-- DATA EXTRACTS follows --
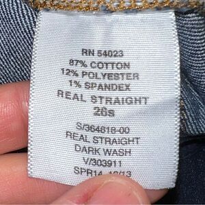 Women’s size 26 real straight dark jeans waist is approximately 13.5 rise is approximately 8.5 , inseam is approximately 27 inches, good used condition.
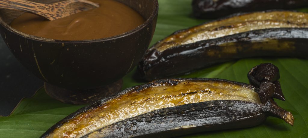 Suggestion : on peut caraméliser la chair des bananes, une fois sortie du four, à l’aide d’un chalumeau et avec un peu de sucre
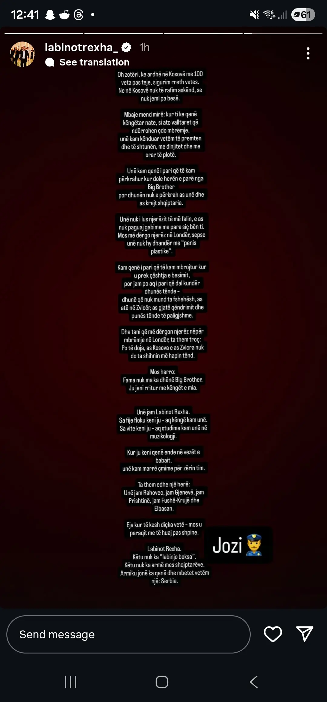 Labinot Rexha, i njohur si “Labi”, ka publikuar një mesazh të gjatë në formën e një “diss”-i në Instastory, ku akuzat e tij ndaj Jozit janë të rënda dhe të drejtpërdrejta.
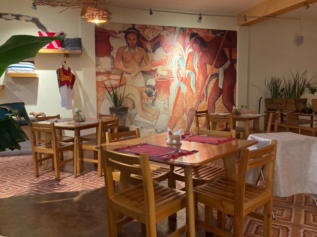 Dinner was at La Olla, a long standing local restaurant with veggie choices and in fact we both had a yellow mole flavoured with yellow chilhuacle chili and thickened with corn.
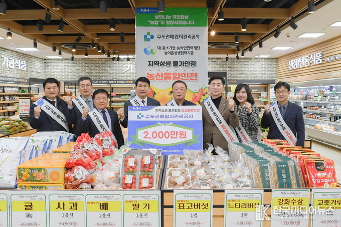 [ 한국미디어뉴스 이원영 기자 ] 기후에너지환경부(장관 김성환) 산하 수도권매립지관리공사(사장 송병억)는 지역 농산물 소비 촉진과 매립지 영향권 주민의 생활비 부담 완화를 위해 12월 10일부터 인천 검단 농협 하나로마트에서 ‘지역농산물 상생마케팅 할인전’을 진행한다고 밝혔다.
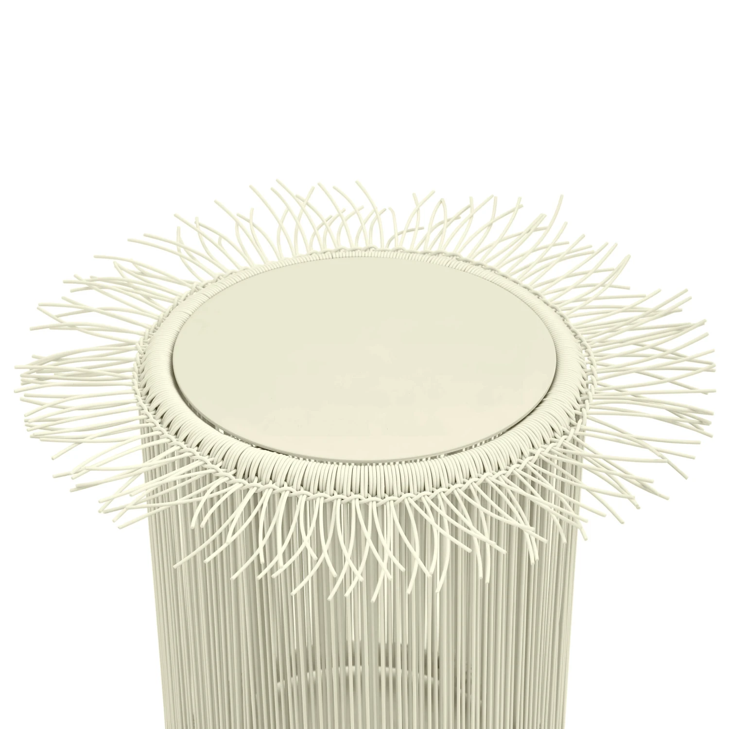 Add a bold statement to your outdoor lounging area with the Rafa Outdoor Side Table, available in vibrant blue or chic cream. Crafted from weather-proof wicker, this stylish table brings durability and unexpected flair to your space. With adjustable feet for added stability, the Rafa Side Table is not just cute but also a functional and eye-catching addition to your outdoor setting.
-- DATA EXTRACTS concluded --
ABOUT THIS TASK |
From the first line above down to the line with "[ 한국미디어뉴스 이원영", reproduce every line and no others, omitting pictures.

ANSWER TO THIS PROBLEM |
 Women’s size 26 real straight dark jeans waist is approximately 13.5 rise is approximately 8.5 , inseam is approximately 27 inches, good used condition.
 Suggestion : on peut caraméliser la chair des bananes, une fois sortie du four, à l’aide d’un chalumeau et avec un peu de sucre
 Labinot Rexha, i njohur si “Labi”, ka publikuar një mesazh të gjatë në formën e një “diss”-i në Instastory, ku akuzat e tij ndaj Jozit janë të rënda dhe të drejtpërdrejta.
 Dinner was at La Olla, a long standing local restaurant with veggie choices and in fact we both had a yellow mole flavoured with yellow chilhuacle chili and thickened with corn.
 [ 한국미디어뉴스 이원영 기자 ] 기후에너지환경부(장관 김성환) 산하 수도권매립지관리공사(사장 송병억)는 지역 농산물 소비 촉진과 매립지 영향권 주민의 생활비 부담 완화를 위해 12월 10일부터 인천 검단 농협 하나로마트에서 ‘지역농산물 상생마케팅 할인전’을 진행한다고 밝혔다.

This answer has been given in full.